Previously, on “Doctor Who”: they not only recovered the TARDIS but also tangled with the Death-Eye Turtle Army (the alternate Season 11 that we’re not being shown sounds amazing). We now return to Yaz’ Gran’s birthday party already in progress…

When Yaz receives a gift of an old, broken watch from her grandmother Umbreen who tells her it is a priceless family heirloom which must be cared for but never repaired, she pesters the Doctor into taking her back in time to see her Gran when she was young. Reluctantly, the Doctor does so but no sooner have the gang arrived than they discover Yaz’ grandmother is about to marry a man who is not Yaz’ grandfather and ‘demons’ stalk the forest.

Six weeks into this new era of the show and once again, we have yet another episode focussed on showcasing historical injustices rather than having its hero dispensing some justice of her own. Six episodes in and not a single ‘baddie’ defeated. Sent home, sent back further in time, left to starve or suffocate to death ‘humanely’ or well fed, yes, but defeated/ destroyed? Not so much.

The Doctor takes very little convincing to let a companion potter around in their own timeline, indicating she’s rather softened on the idea since “Father’s Day”. Perhaps all the nonsense with ‘the impossible girl’ has made her blasé. Speaking of ‘the impossible girl’, remember ‘the timeless child’? Pepperidge Farm remembers and I hope to Rassilon Chibnall does too.

Ultimately, it’s a potent episode, complete with some of the best production values, cinematography and direction of the series so far. The location work, shot in Granada, Spain, looks authentically sub-continental and the incidental music by Segun Akinola is superbly evocative.

Less successful in bringing Vinay Patel’s poignant script to life is the guest cast, particularly Shane Zaza as Prem, Umbreen’s would-be husband who, as a central figure to the entire story, is often too stiff and wooden in his delivery and awkward in his timing to draw you fully into his story. He’s not helped, though, by a script which has slightly too much to accomplish in the runtime afforded so it vacillates between exploring the wider religious and political issues and fleshing out the human drama and ends up leaving neither particularly well served.

Like “Rosa”, this is a glancing blow against the complexities and realities of the history of the time but will hopefully serve as a jumping off point for people to learn more about the era. To take the episode at face value would be to believe that the partition was responsible for creating the religious and political schisms which divided nations and families alike rather than exacerbating existing internecine conflicts instead of solving them. Also, like “Rosa”, the science fiction element of the episode was ultimately intrusive and a waste of time when the historical and personal aspects of the story are left crying out for further development.
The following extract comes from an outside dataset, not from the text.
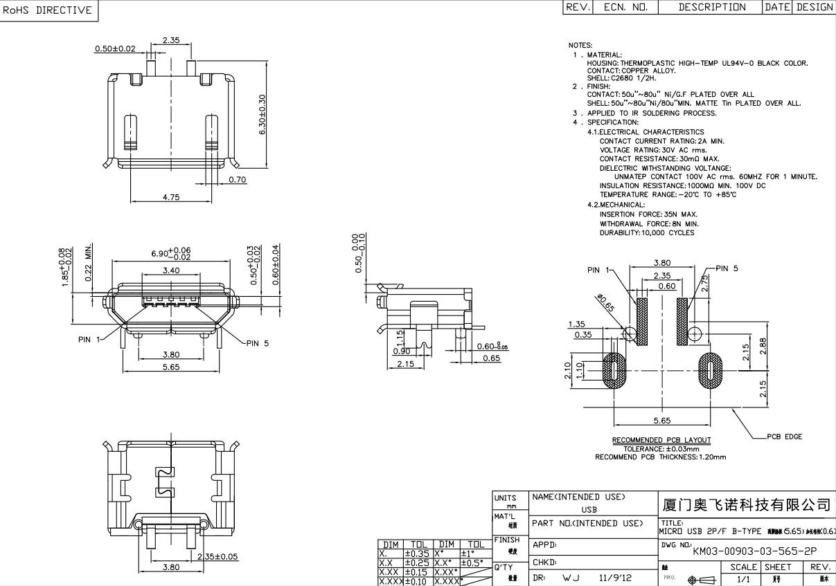 MICRO USB 5P母座 2P寬腳大電流母座 5.655.96.4插腳有柱卷邊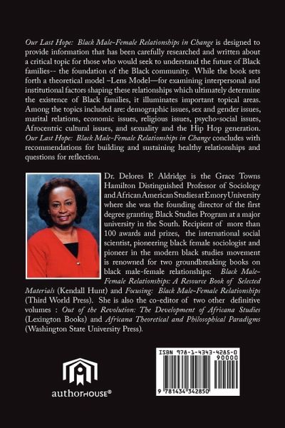 Our Last Hope: Black Male-Female Relationships in Change is designed to provide information that has been carefully researched and written about a critical topic for those who would seek to understand the future of Black families-- the foundation of the Black community. While the book sets forth a theoretical model -Lens Model-for examining interpersonal and institutional factors shaping these relationships which ultimately determine the existence of Black families, it illuminates important topical areas. Among the topics included are: demographic issues, sex and gender issues, marital relations, economic issues, religious issues, psycho-social issues, Afrocentric cultural issues, and sexuality and the Hip Hop generation. Our Last Hope: Black Male-Female Relationships in Change concludes with recommendations for building and sustaining healthy relationships and questions for reflection.

Once again we have a ‘big bad’ who are nothing of the sort. Instead of being galactically-feared assassins who are inexplicably and intriguingly involving themselves in low-level murder in 1940s India, the Thijarian Hive have reformed after discovering their own world was destroyed by an unseen force (did anyone see any Thijarian teeth in T’zim-Sha’s face?) and now attend the deaths of those whose passing is unwitnessed (except, presumably, by the individuals who take those lives). I guess they probably have a lot of crossover work with The Testimony? It’s yet another fake out alien threat which disappears from the episode once their timewasting is done.

Commendably educational, if superficial, “Demons Of The Punjab” would have been much stronger if there’d been a better pay-off to the heavy character development for Yaz with her Nani explaining that she’s her ‘favourite’ granddaughter because she remembers her being at her wedding and throughout her life has known that whatever adversity she faced that she would be okay because she would eventually have a granddaughter called Yaz. It would also explain why she would be reluctant to tell Yaz the story ‘until she was older’ to make sure she didn’t accidentally cock-up her own timeline. Of course, that would leave us with a story where the companion’s gran was more careful with the timeline that the universe’s most well-travelled Time Lord.
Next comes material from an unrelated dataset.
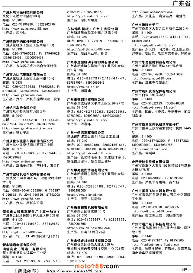 這兩年行業(yè)調(diào)整力度非常大,為了確保我們提供的信息準(zhǔn)確性,我們本著寧缺毋濫的原則,不去圖虛的數(shù)量。目前摩托車與配件行業(yè)的不少經(jīng)銷商是跨行業(yè)經(jīng)營的,所以我們?cè)诒緯性黾恿瞬糠帜ν熊囌噺S、電動(dòng)車生產(chǎn)廠、機(jī)動(dòng)三輪車制造廠。所選的這些企業(yè)都是這個(gè)行業(yè)具有影響力的品牌企業(yè),是為了大家在使用這本書時(shí),獲取相關(guān)的延伸產(chǎn)業(yè)更多的實(shí)用信息。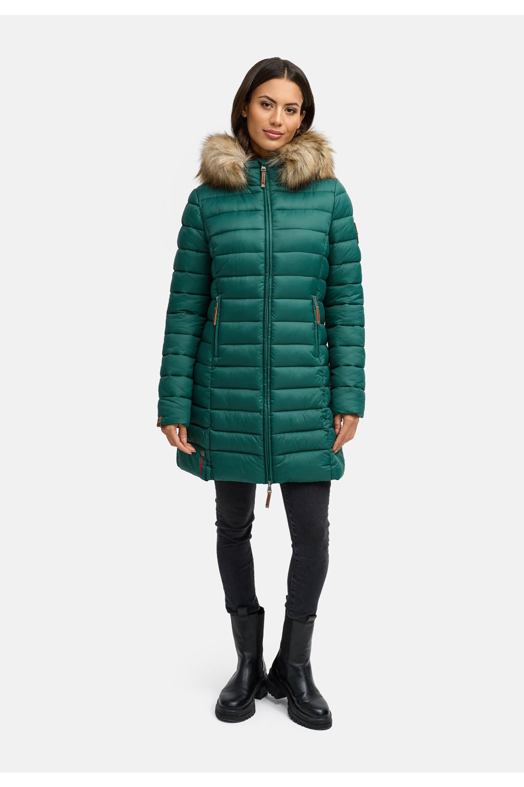 Charakteristickým prvkem je velký, měkoučký umělý kožíšek, který dodává bundě luxusní vzhled a zároveň příjemně hřeje. Kožíšek lze snadno odepnout pomocí druků, takže si můžete vzhled bundy přizpůsobit dle nálady či příležitosti. Kapuce je pevně přišitá a poskytuje dodatečnou ochranu před větrem a zimou.

All-in-all a decent episode, though, and a marked improvement on the past couple of weeks. I still could have done without the execution in cold blood of a main character in a Sunday early evening kids show. The end was heavily implied and actually showing it – even if it was cut away from – was crass and unnecessary.
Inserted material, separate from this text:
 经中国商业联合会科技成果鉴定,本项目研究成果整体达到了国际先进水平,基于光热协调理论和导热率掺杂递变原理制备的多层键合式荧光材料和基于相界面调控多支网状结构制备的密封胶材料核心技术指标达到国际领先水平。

The Thijarian Hive seem to encapsulate the ethos of this new era of Doctor Who: there are no evils except the sins of our ancestors or ourselves and they can only be witnessed, not fought against. Next week is obviously setting up to have a pop at late-stage capitalism at the expense of futuristic Amazon surrogate Kerblam! I guess that means we’ll see whether the Doctor can actually deliver some righteous justice or if the series is slipping past its prime.